What makes the show great for kids is the fantastic interactive section that allows children to draw shapes they saw in the artwork, create gestural drawings on a white board and learn about texture through crayon rubbings. My seven month old daughter and I really enjoyed the dramatic colors and movement in the monumental Jackson Pollock painting in the Abstract Expressionist section that we tried to emulate on the white board and in our drawing.
Ingenious! The World of Dr. Seuss at San Diego History Center
Down the promenade from The San Diego Museum of Art is San Diego History Center, a museum that educates the public about the history of San Diego and its artists. Many people might not know the famed Dr. Seuss, Theodor Geisel, was a La Jolla native. Dr. Seuss was an innovative author and illustrator who inspired creativity and imagination in his readers. The exhibition Ingenious! The World of Dr. Seuss is perfect for kids and adults of all ages.
There are many interactive family-friendly activity areas where you can create your own Seuss object, draw pictures, create words, write letters and read one of the many Dr. Seuss books they have available. Another great feature of the exhibition is the life-size figurative sculptures such as the ever popular Grinch, the Turtle tree, and the Lorax that kids CAN touch (my baby girl Keira especially loved touching the art;). I also appreciated the separate gallery featuring an engaging collection of original paintings and prints by Dr. Seuss. He was a phenomenal surrealist and the exhibition pays tribute to his artistic talents.

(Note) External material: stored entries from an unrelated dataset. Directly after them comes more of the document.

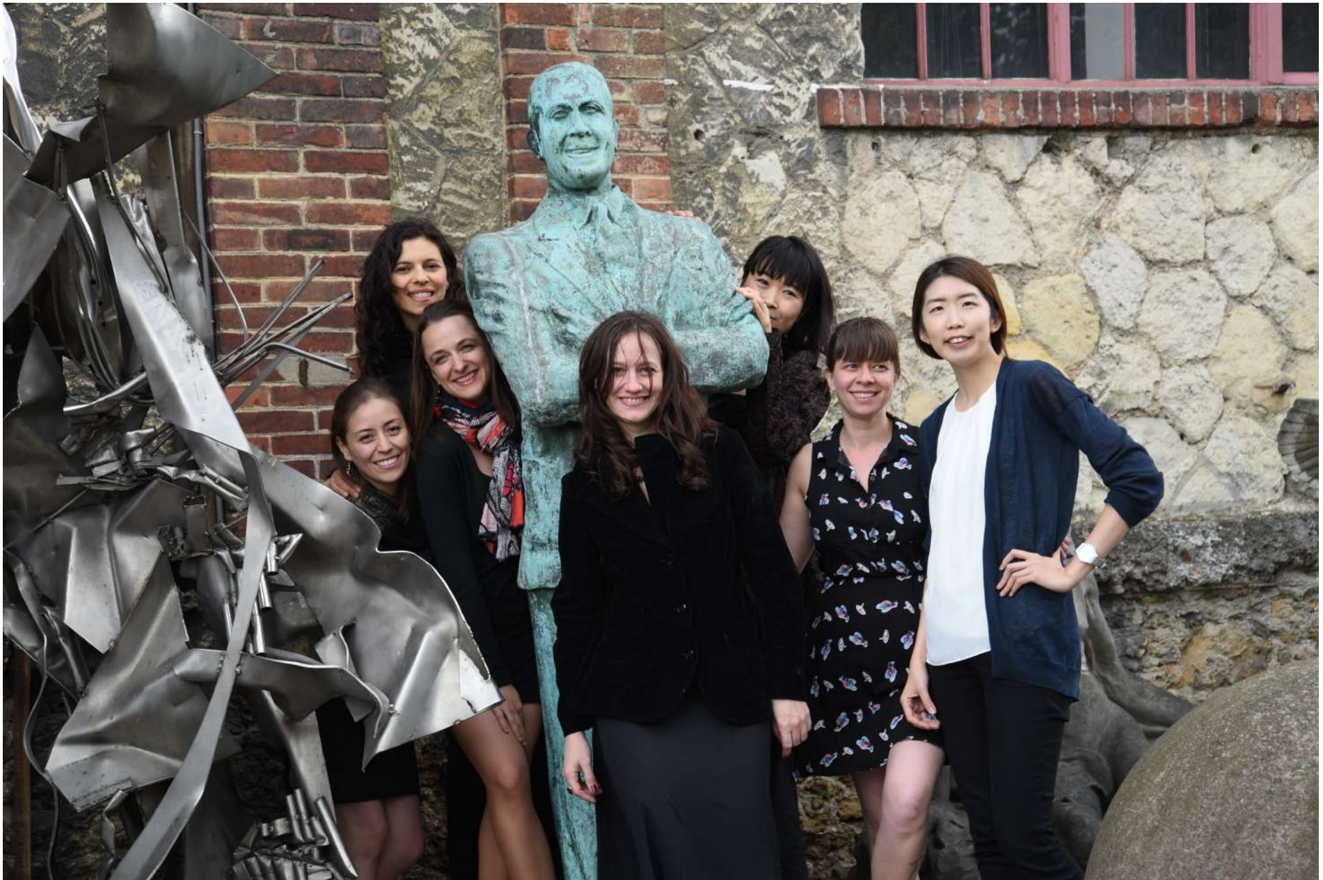
Estatua de Carlos Gardel en el Depósito de Obras de Arte de la Ciudad de París, Ivry-sur-Seine, Francia
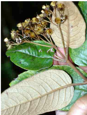
6 Gynoxys acostae ASTERACEAE
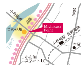
桜堤の正式名称は「千曲川堤防治い」。全長4kmに約600本の八重桜が植えられています。

ここはウォーキングにも最適な場所なので、ぜひ多くの方にこの爽快感を味わっていただきたいです。
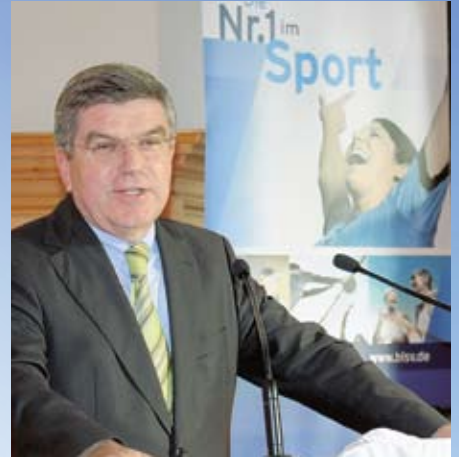
DOSB-Präsident Dr. Thomas Bach sichert volle Unterstützung zu.
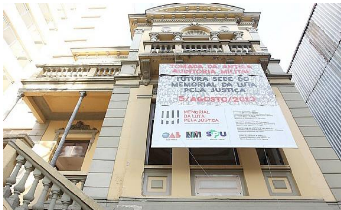
Figura 4: Memorial da Luta pela Justiça
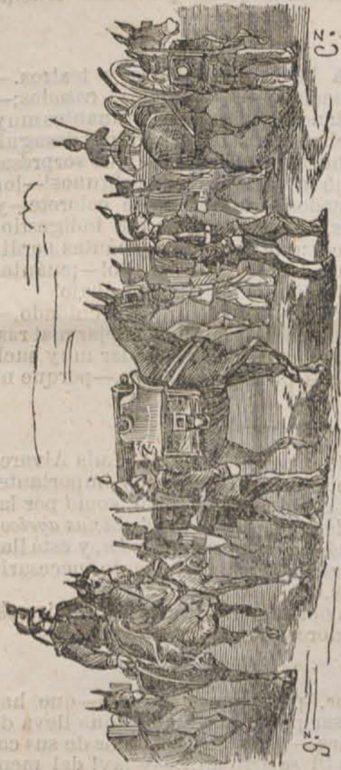
Artillería de montaña.
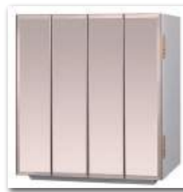
ミラー × ホワイト
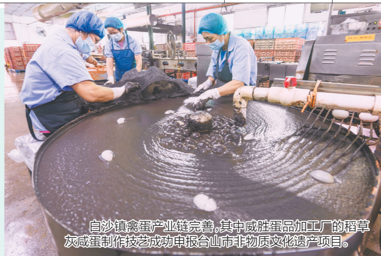
白沙镇禽蛋产业链完善,其中威胜蛋品加工厂的稻草灰咸蛋制作技艺成功申报台山市非物质文化遗产项目。
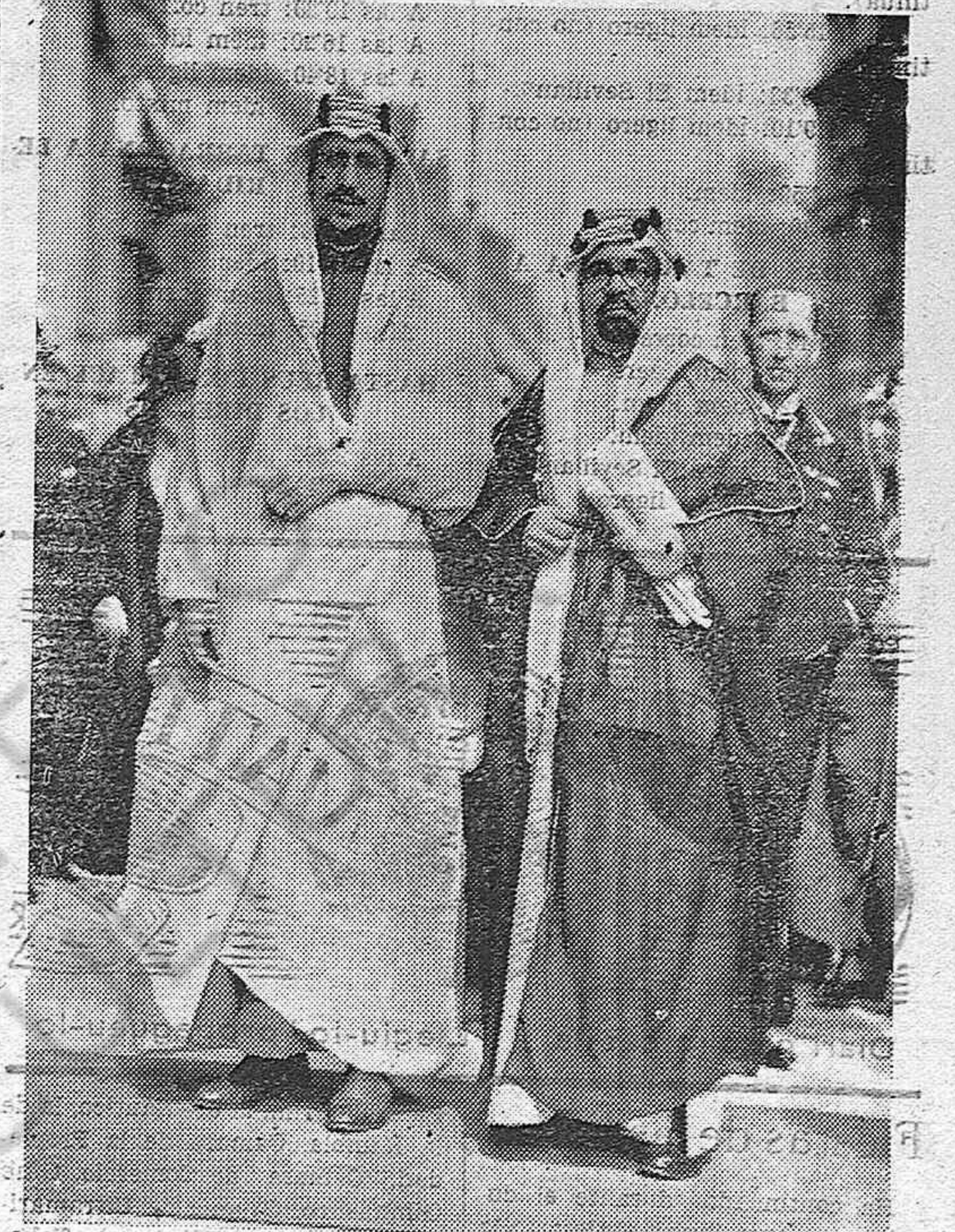
Emir Saud, hijo mayor y heredero del rey Ibn Saud de Arabia, llegó a Londres donde fué recibido con todos los honores. A la estación acudieron representantes del Gobierno británico. Emir Saud salvó la vida de su padre el rey Ibn Saud el cual era víctima de un atentado en Mecca hace algunas semanas.
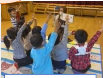
元気な吉和っ子たち。

読書の秋、図書館ではたくさんのイベントがありました。久しぶりに見る子どもたちの笑顔です。本やおはなしが好きな子ばかり、楽しい時間を過ごしました♪
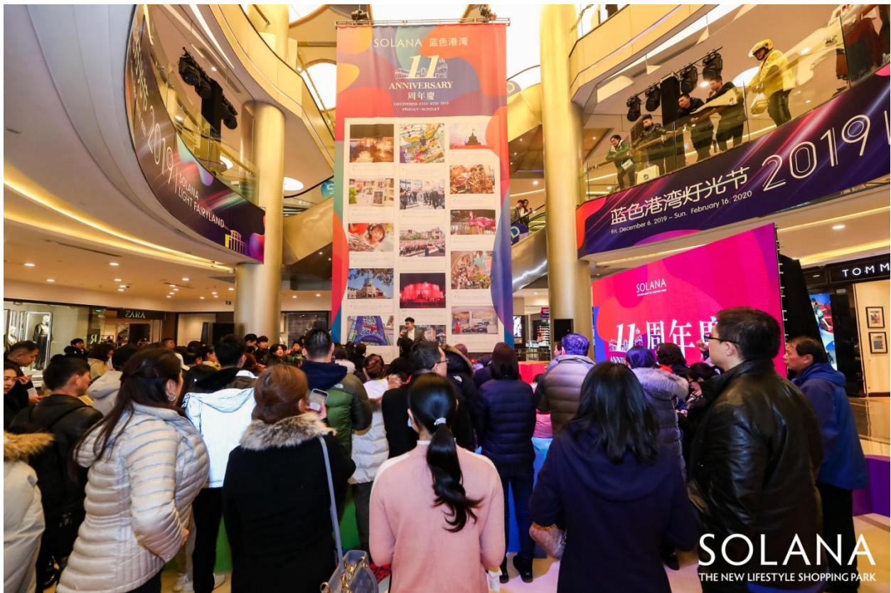
SOLANA 蓝色港湾-MALL 中庭-11 周年庆现场

SOLANA 蓝色港湾一直被视为京城商业地标，今年还成为北京市商务局打造的首批“夜京城”商圈。在极具艺术美学灯光的点缀下，SOLANA 蓝色港湾再树标杆，为京城的“夜经济”打造了范本。
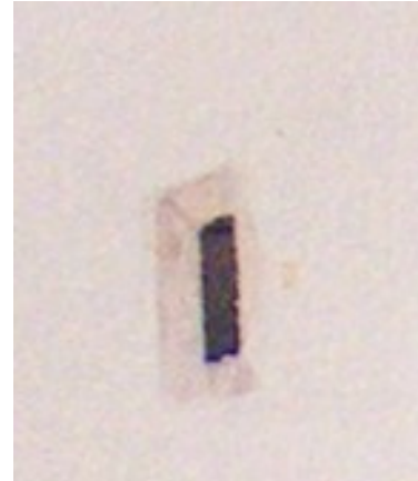
Illustration 10: Catherine Touzé©2020, tous droits réservés

* Fabriquer du très foncé avec le bleu winsor, le rose et le jaune auréolin.
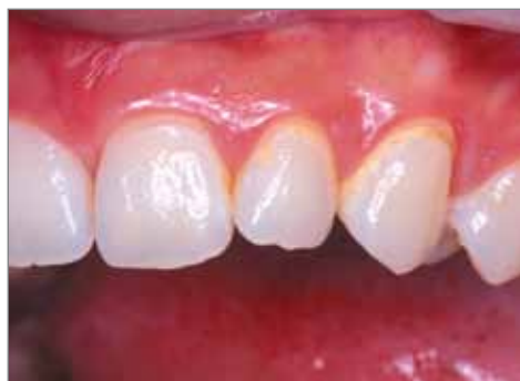
Après 3 mois.

Afin d'éviter les tâches blanches, il est recommandé d'appliquer Tooth Mousse deux fois par jour pendant toute la durée du traitement et également en cas d'appareil extra oral.
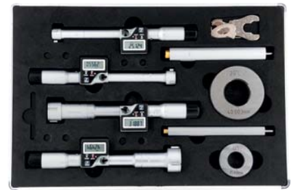
4190 2050 format professional quality
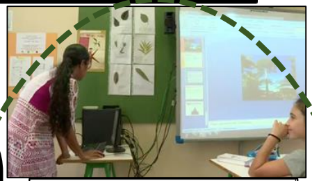
© NC1ère (CM) • 28 août 2018
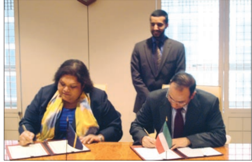
السفير منصور العتيبي والسفيرة مارلين موزس خلال توقيع البيان المشترك لإقامة علاقات دبلوماسية بين بلديهما

هناك دولة واحدة قادرة على حل تلك المشاكل بفردها ومن ثم فهناك حاجة إلى تضافر جهود المجتمع الدولي لمواجهة تلك القضايا». وأشار إلى وجود أوجه تشابه بين الكويت وناورو في عدد من الأمور وإمكانية التعاون بين البلدين في
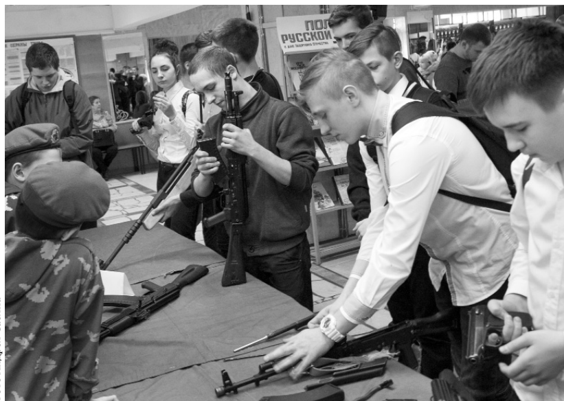
С мечтой служить в десанте

СПРАВКА Центр «Десантник» в Орле был создан по инициативе ветеранов боевых действий в горячих точках в 1997 г. для трудных подростков.
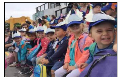
Sortie au parc Astérix pour tout le monde !!
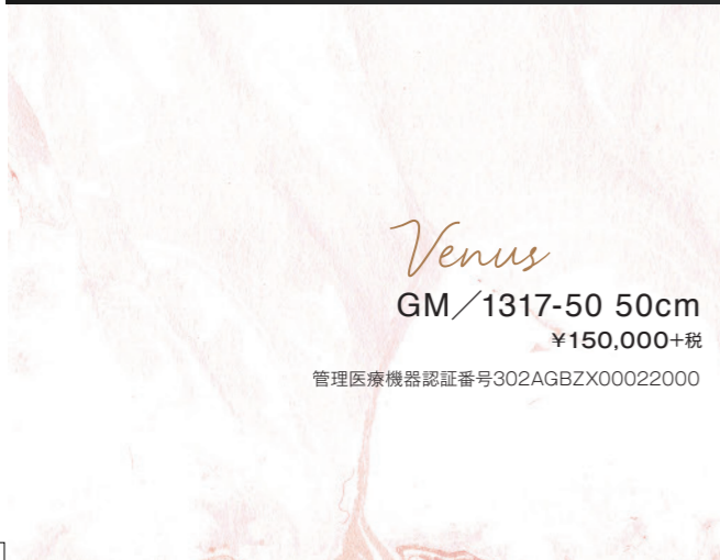
Venus GM/1317-50 50cm ¥150,000+税 管理医療機器認証番号302AGBZX00022000
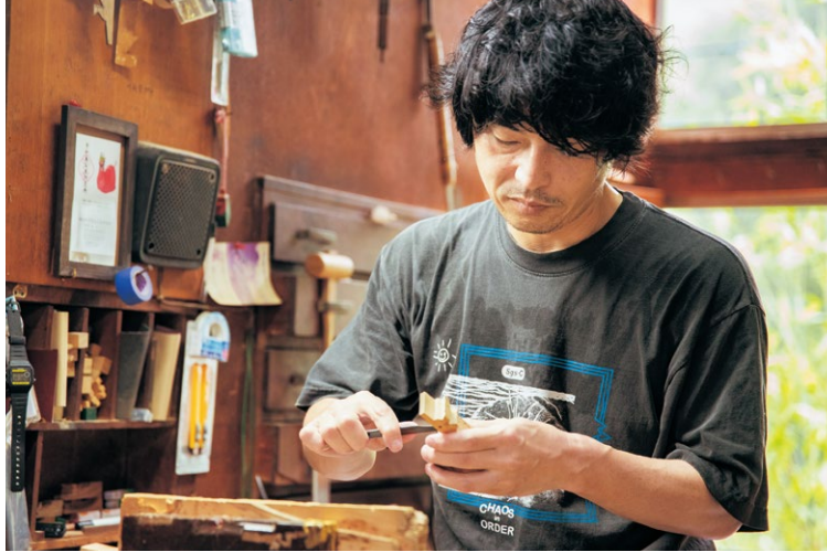
制作は父と弟と分業制。一さんは仕上げの彫り担当

書きをし、切り出します。その後、大まかに荒彫りをしたものに細かい仕上げをしていくのが一さんの担当。「まだまだ受け継いで3年。叔父や叔母の緻密な彫りの技には追いつけていません」と笑いながら答えてくれました。口部分は小さく内に彫り込む。体部分にも細かく面取りが行われるなど、謙遜とは裏腹に、繊細な手技の数々には見とれてしまいます。最後に、耳と剣の尻尾をはめ込み、赤と緑の染料で着色して、目を描けば完成。一体一体が手作りのため、表情が違うのも魅力の一つです。
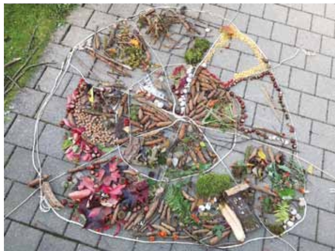
Dieses wunderschöne Naturmandala haben die Kindergartenkinder beim wöchentlichen Angebot „Der Natur auf der Spur“ selbst zusammengestellt.
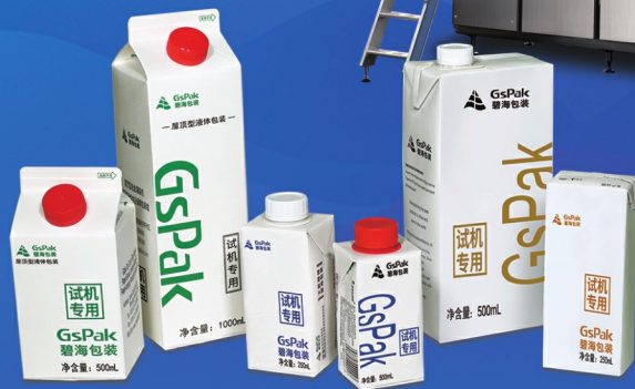
纸基复合包装材料
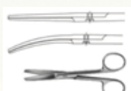
Tijera Quirúrgica Recta y Curva de 14,5 cm Romo - Romo
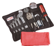
Metric Tool Kit
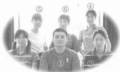
愉快などんぐりの仲間たち
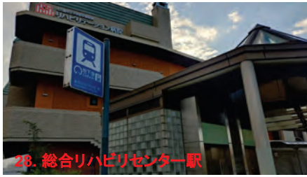
28. 総合リハビリセンター駅
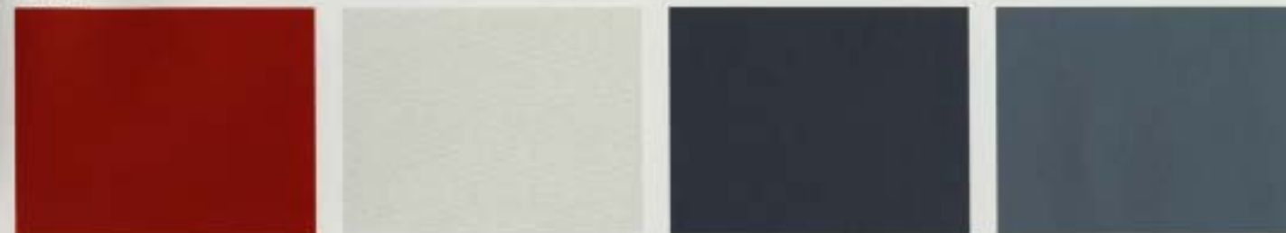
Tomadoröd Alpinvit Atlasgråmetallic Calypsometallic
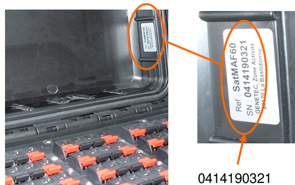
Satellite version « Flight case » (2007 à 2014)
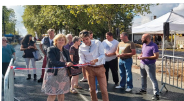
La Foire de la Chapelle, une très sympathique tradition !
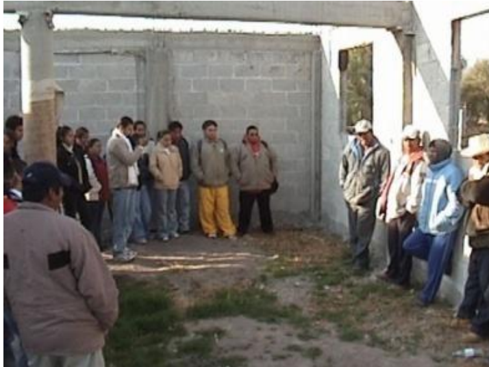
Ampliación del Centro de Acopio Lechero La Flor de Huapilla.

A partir de este periodo la Sociedad de Solidaridad Social “La Flor de Huapilla” comienza a gestionar varios proyectos para obtener materiales para echar andar el proyecto de la quesería. A través de Servicios para el Desarrollo A. C. (SEDAC), CDI, FSB y el gobierno del estado de Hidalgo la S. S. S. S. ha podido consolidar y mantener el Centro de Acopio Lechero, y los socios se ha beneficiado del mismo.
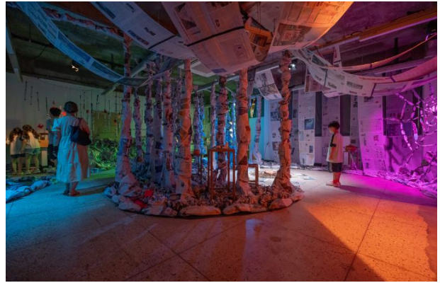
공간점유 - 양혜정_숲토리
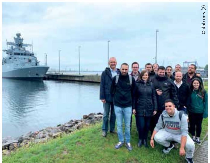
> Marinestützpunkt „Hohe Düne“ in Warnemünde.
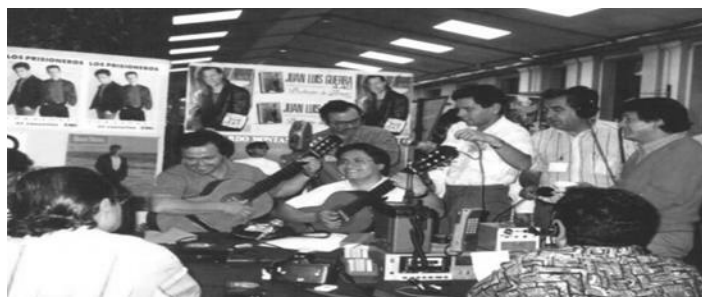
Los Afuerinos en conferencia de prensa en Festival de Viña del

Dentro de las actividades también teníamos conferencias de prensa para los medios escritos y radiales, como anécdota del poco conocimiento que teníamos de los artistas internacionales, estábamos en una conferencia para la radio Portales donde cantábamos la cueca, estábamos en eso cuando el conductor nos dice.
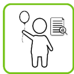
PERSONUPPGIFTER AV BARN
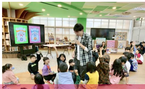
鹽埕區忠孝國小邀請繪本作家及說故事達人帶領學童感受閱讀魅力
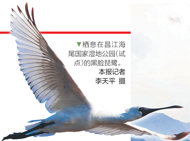
▼栖息在昌江海尾国家湿地公园(试点)的黑脸琵鹭。
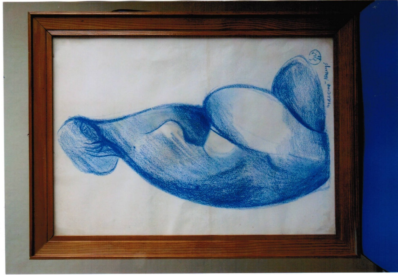
11. obraz (33 x 45 cm) – pastel, cena Kč 12.000,-
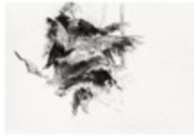
Abb. 6, Seite 6 O.T. (Klosterwald) 02.06.2017 Zeichenkohle, Zeichenkarton Ca. 38,5 x 56 cm
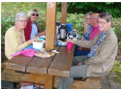
Första fikapausen vid Häggån

Vid Häggåns rastplats stannade vi för en efterlängtd medhavd fika. Vädret var lite höstligt med ett heltäckande molntäcke, men lagom varmt och lite blåst med tanke på att vi alla har SD (självdrag) i våra bilar.
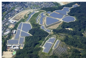
嘉麻第一太陽光発電所
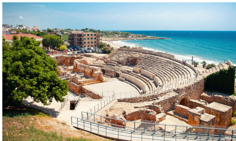
▲ РИМСКИЙ АМФИТЕАТР ТАРРАГОНА

Маршрут римской Бетики проходит через четырнадцать андалузских городов провин-
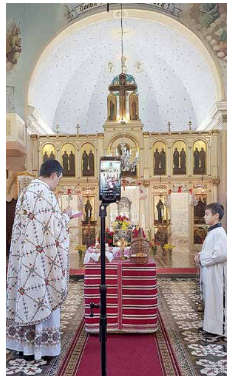
Швецене паскох у пандемийних условийох 2020. року преношене онлайн

Ту у Сриме, з часу на час обиходзаци родзину у Миклошевцох и ширше, патраци на обисце у котрим ше народзел мой дїдо, валал у котрим вон роснул, не чувствуем ше цудзо. По дїдох сом не лем Бачвань, але и Сримец. На питане баржей Коцурец чи Керестурец? Патраци на коренї, заш обидва, бо ше „чарни Минарово“ (Мудрово) преселели зоз Р. Керестура до Микло-
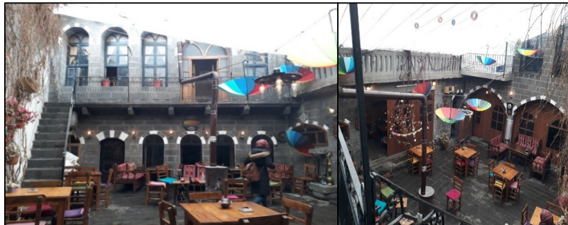
Şekil 16-17: 6 nolu yapının yeni kullanımıyla oluşturulan oturma alanları ve avlu cephesi

6 nolu yapı, Cami Kebir Mahallesi Telgrafhane Sokakta bulunmaktadır. Dört kanatlı yapının batısında komşu eve ait bir mekân, güneyinde iki açıklıklı eyvan ile üst katında odalar yer almaktadır. Doğu kanadında kapatılmış bir giriş, betonarme merdiven, sonradan oluşturulmuş bir eyvan ve küçük bir oda bulunur. İki katlı kuzey kanat, alt katta özgün mutfak ve bir oda, üst katta ise eyvan ve bir odadan oluşmaktadır. Özgün taş merdiven ve gezemek üst kat dolaşımını sağlamaktadır. Evin güney bölümü üzerine çok katlı niteliksiz konut yapılmıştır. Yapıda avlu, eyvan ve odalar oturma alanı olarak düzenlenmiştir. Batıdaki mekân kafeteryanın mutfağı olarak kullanılmaktadır. Doğudaki ana giriş kapısı kapatılmıştır (Şekil 16,17).
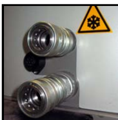
Zweischlauchsystem für maximale Leistung
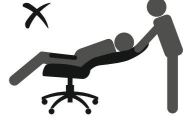
НЕ ОПИРАЙТЕСЬ НА СПИНКУ

Spend the Day in Balboa Park – Where to Have Lunch with Kids
My recommendation is to see the Gauguin to Warhol exhibit, then have lunch at Panama 66 located in The San Diego Museum of Art Sculpture Court, where they provide blankets for a picnic lunch in the Sculpture Garden (perfect for kids that need to move around), then head over to the San Diego History Center for the Dr. Seuss show. Don't forget to visit the SDHC gift store, I found some great Dr. Seuss books for my little one;) Have a fun day at Balboa Park!